Embiste contra el gobierno español en general, que «ha confundido la autoridad con la representación cómica de la seguridad y durante días puso al frente de las ruedas de prensa a analfabetos con medallas», y contra el ministro Manuel Castells en concreto:
«La recomendación del ministro español de universidades de que ésta vuelve a ser la hora del tren y de la limitación de desplazamientos masivos de un lado al otro del mundo, me provoca escalofríos. ¡Esta no es la hora de encerrarse en casa, señor Castells! Quien lo propugna es porque quiere dominaros y agudizar todavía más las desigualdades sociales con un discurso vacuo sobre la reconstrucción».
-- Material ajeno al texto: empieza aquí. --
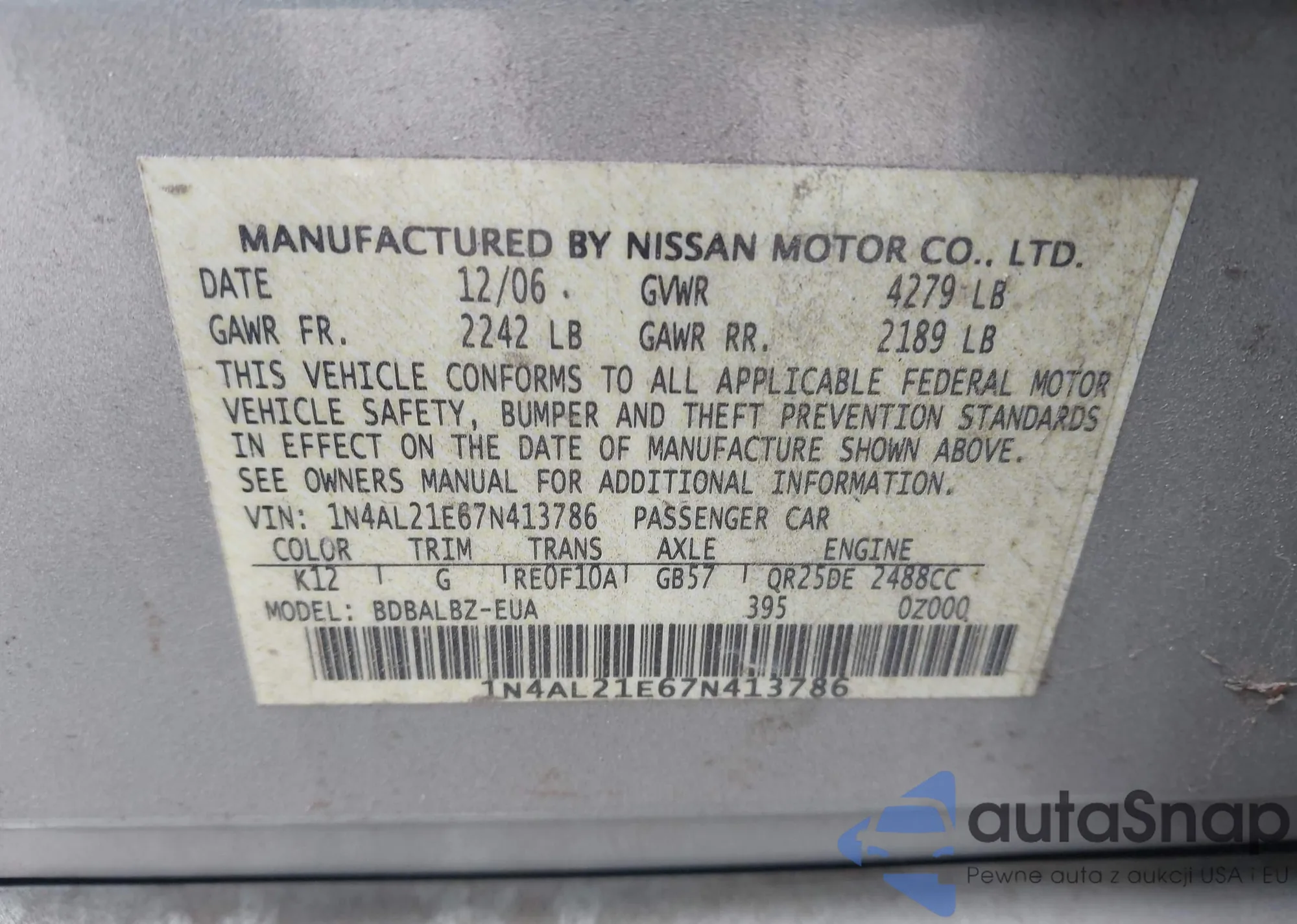 VIN: 1N4AL21E67N413786

La mala opinión de Colomines sobre «los viejos gurús de la izquierda» que parecen proponernos un «confinamiento eterno» no es contrarrestada por la confianza en las instituciones internacionales, pues «en estos meses hemos visto que la OMS o la UE, no es que se tambaleen, es que son un desastre».
Incluso el secesionismo recibe un mandoble: «Cuando Angela Merkel asegura que los estados-nación están muertos y la mayoría de independentistas catalanes lo celebran, no sabes qué pensar».
Seguramente necesita un viaje.
El peso de la política partidista
La sentencia con que Vicent Partal titula su último sermón es difícilmente cuestionable: Somos un país intelectualmente secuestrado por unos irresponables.
El tema es el peso asfixiante de la política, de la política partidista, que es la que aquí sufrimos, en los medios y la cultura:
«Me preocupa tanto de qué manera las maquinarias de poder de la política -de la economía también, pero sobre todo de la política- ( ) no consiguen sino dejar el país hecho un desierto intelectual ( ) porque dictan decisiones en el ejercicio de su parcela de poder con implicaciones claras respecto a la visibilidad de cada uno. Censuras, por ejemplo. Tales como quien sale por la irreconocible televisión pública o no sale. O quién es regado con propaganda institucional. O qué pintacarteles se encuentra de un día para otro con un sueldo de escándalo reconvertido en asesor».
Algunos podrán ver aquí un retrato del sistema comunicativo catalán y otros del español, pero Partal no parece hacer distinciones porque en todas partes cuecen habas y «han conseguido que el carné sirva más que las ideas».
Por eso sorprende que haya encontrado, en Cataluña, un momento en el que las cosas funcionasen de otra manera:
«Durante el periodo 2014-2017, el de Junts pel Sí, vivimos una excepción gloriosa precisamente porque los partidos mandaban menos que nunca y las voces independientes no sólo eran respetadas, sino que tenían una presencia reconocida, constante, e incluso en algunos casos estaban sentados en el parlamento».
¿Pero ha habido alguna vez en este país voces realmente independientes? ¿Los partidos mandaban menos, o es que los líderes ponían a figurantes en primera fila mientras seguían manejando los hilos desde la segunda? Y dejemos a los historiadores la ardua tarea de localizar a los intelectuales que ocupaban escaños en el grupo parlamentario de Junts pel Sí.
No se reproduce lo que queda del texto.